<<<<
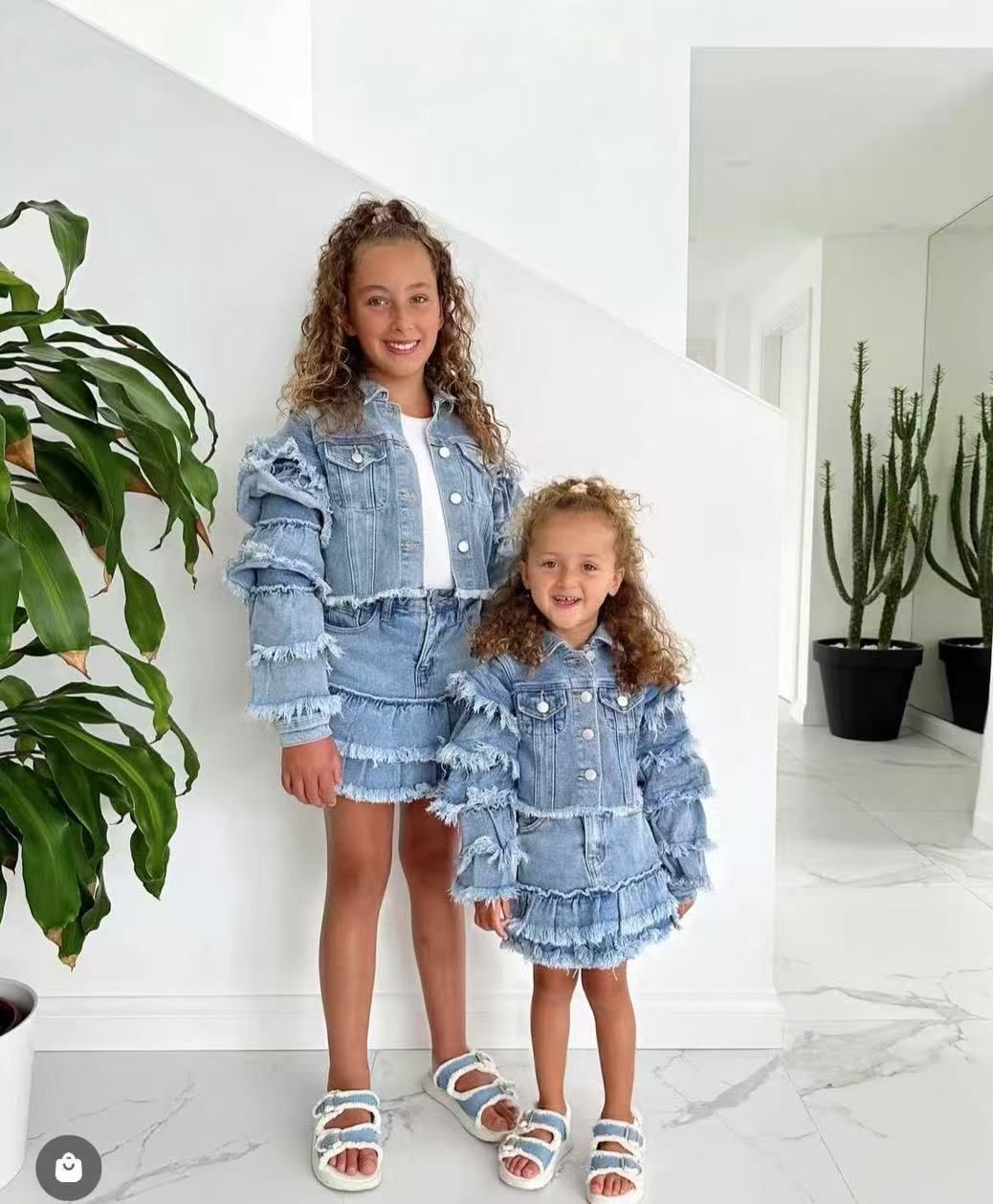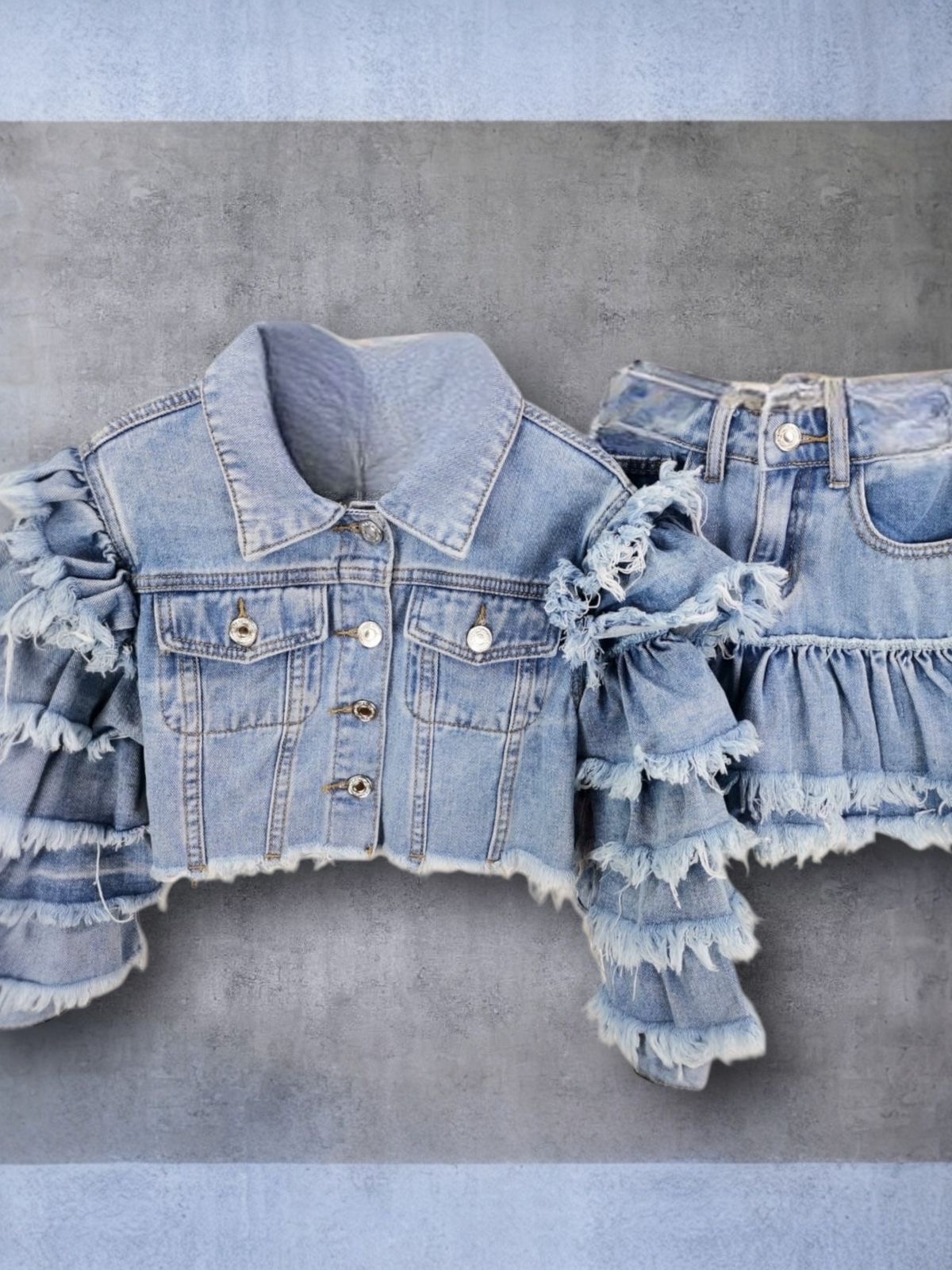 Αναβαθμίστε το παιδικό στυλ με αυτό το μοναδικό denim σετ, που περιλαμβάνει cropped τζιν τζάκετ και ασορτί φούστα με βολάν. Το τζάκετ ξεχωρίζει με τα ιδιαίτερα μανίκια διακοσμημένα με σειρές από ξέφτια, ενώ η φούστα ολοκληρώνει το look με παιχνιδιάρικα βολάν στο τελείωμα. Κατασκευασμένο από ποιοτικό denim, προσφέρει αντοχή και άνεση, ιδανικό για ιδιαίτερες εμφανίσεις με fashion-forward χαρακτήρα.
>>>>
<<<<
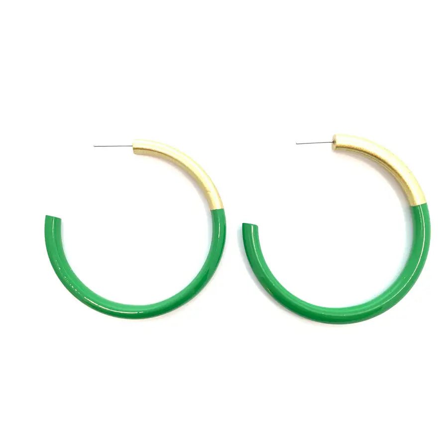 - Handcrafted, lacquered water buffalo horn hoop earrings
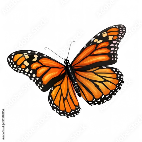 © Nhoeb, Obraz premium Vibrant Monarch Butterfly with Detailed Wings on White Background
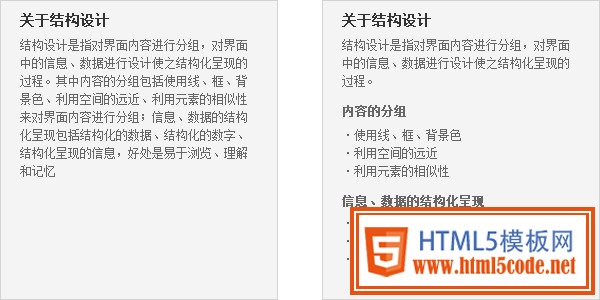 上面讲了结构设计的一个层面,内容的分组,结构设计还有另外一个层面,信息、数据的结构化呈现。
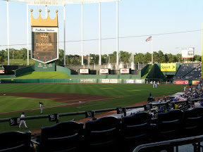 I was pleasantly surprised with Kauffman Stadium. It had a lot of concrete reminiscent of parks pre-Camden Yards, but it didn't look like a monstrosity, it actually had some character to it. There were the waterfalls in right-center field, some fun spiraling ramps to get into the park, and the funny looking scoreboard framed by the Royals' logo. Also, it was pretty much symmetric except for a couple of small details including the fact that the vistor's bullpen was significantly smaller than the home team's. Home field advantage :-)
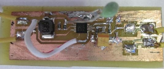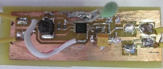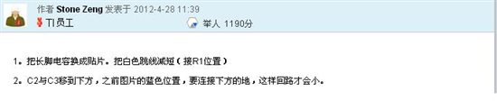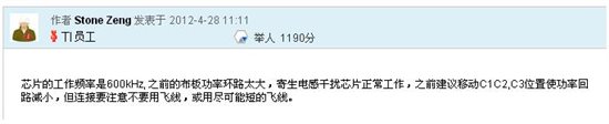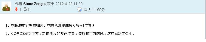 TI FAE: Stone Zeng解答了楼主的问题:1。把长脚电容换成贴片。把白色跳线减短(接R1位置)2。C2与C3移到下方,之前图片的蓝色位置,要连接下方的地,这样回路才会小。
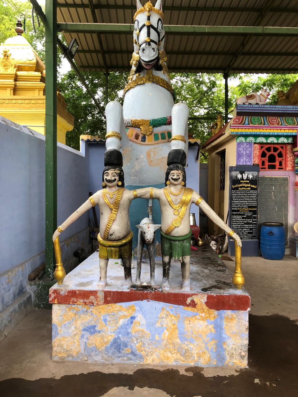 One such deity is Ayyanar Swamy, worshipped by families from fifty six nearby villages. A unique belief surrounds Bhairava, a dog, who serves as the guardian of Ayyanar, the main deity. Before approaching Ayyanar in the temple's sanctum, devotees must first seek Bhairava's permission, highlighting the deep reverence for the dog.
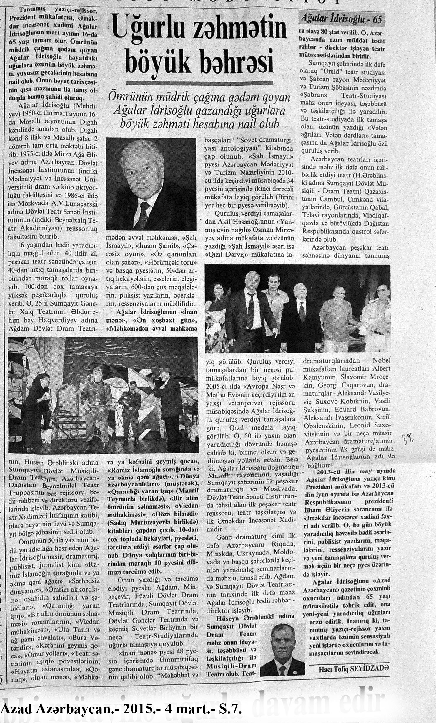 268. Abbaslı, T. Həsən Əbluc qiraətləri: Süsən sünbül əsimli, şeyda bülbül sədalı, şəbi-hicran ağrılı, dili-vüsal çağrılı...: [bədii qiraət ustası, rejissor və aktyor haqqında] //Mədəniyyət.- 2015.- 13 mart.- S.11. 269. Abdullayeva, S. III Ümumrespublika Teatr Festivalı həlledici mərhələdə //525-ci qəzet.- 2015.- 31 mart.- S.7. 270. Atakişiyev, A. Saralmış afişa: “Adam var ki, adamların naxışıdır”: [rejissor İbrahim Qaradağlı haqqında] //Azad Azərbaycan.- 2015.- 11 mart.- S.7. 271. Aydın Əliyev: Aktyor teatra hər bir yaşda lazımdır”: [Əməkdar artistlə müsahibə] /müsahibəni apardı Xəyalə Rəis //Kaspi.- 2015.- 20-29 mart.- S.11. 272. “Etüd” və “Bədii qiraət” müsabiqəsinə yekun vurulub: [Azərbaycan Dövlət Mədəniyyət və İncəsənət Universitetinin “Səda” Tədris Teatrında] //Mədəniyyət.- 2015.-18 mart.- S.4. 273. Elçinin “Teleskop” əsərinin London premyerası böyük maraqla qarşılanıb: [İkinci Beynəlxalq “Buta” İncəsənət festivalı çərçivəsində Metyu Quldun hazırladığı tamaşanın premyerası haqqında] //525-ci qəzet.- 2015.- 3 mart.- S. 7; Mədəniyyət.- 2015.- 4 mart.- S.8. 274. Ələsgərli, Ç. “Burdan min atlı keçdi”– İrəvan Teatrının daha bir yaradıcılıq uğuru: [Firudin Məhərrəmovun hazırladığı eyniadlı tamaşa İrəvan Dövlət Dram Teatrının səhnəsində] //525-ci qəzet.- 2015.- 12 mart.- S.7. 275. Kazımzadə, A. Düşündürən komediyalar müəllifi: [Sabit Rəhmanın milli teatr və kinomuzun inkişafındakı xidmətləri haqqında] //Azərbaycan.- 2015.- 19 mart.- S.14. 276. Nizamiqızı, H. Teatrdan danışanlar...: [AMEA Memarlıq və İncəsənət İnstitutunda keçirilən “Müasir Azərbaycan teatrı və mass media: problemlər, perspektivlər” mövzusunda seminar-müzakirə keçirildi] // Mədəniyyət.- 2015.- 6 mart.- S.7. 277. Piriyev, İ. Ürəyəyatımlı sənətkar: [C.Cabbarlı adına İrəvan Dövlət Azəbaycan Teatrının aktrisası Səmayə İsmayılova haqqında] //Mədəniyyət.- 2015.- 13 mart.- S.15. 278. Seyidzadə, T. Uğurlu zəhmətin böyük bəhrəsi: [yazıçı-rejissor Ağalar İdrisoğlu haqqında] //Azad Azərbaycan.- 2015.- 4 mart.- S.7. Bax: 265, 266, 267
>>>>
<<<<
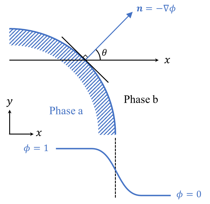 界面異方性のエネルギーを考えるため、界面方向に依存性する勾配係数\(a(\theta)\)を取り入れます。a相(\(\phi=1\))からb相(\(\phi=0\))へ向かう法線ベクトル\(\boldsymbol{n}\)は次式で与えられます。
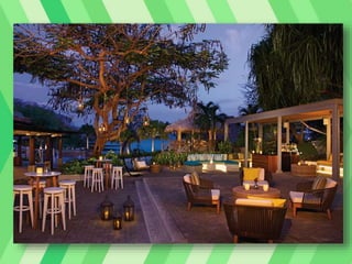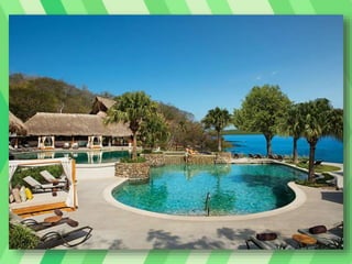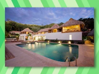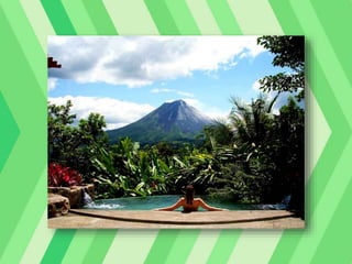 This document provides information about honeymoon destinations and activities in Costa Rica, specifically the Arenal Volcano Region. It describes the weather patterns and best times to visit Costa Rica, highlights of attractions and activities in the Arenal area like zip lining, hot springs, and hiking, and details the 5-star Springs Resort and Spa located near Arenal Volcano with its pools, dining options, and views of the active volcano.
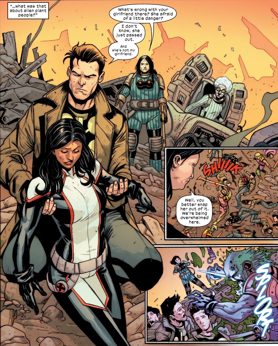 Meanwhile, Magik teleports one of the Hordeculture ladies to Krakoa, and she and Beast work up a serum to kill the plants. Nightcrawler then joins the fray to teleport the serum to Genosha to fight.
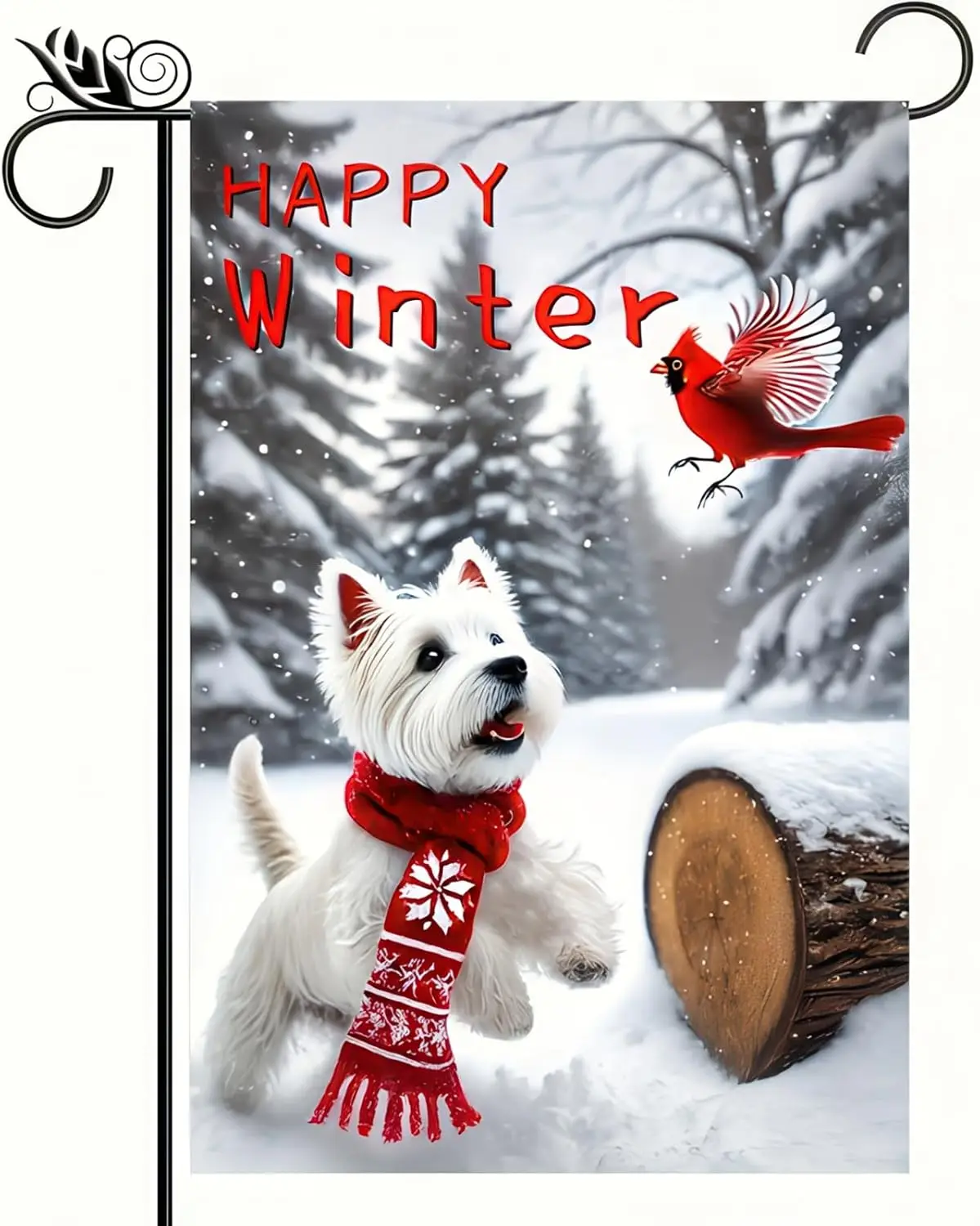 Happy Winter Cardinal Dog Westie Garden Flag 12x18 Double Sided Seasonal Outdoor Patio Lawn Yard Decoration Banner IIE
>>>>
* _Your objective_:
The lines above from the line with "This document provides" through the line with "Happy Winter Cardinal" are to be given again word for word, with no pictures among them.

* _Answer to the problem_:
 This document provides information about honeymoon destinations and activities in Costa Rica, specifically the Arenal Volcano Region. It describes the weather patterns and best times to visit Costa Rica, highlights of attractions and activities in the Arenal area like zip lining, hot springs, and hiking, and details the 5-star Springs Resort and Spa located near Arenal Volcano with its pools, dining options, and views of the active volcano.
 Meanwhile, Magik teleports one of the Hordeculture ladies to Krakoa, and she and Beast work up a serum to kill the plants. Nightcrawler then joins the fray to teleport the serum to Genosha to fight.
 Happy Winter Cardinal Dog Westie Garden Flag 12x18 Double Sided Seasonal Outdoor Patio Lawn Yard Decoration Banner IIE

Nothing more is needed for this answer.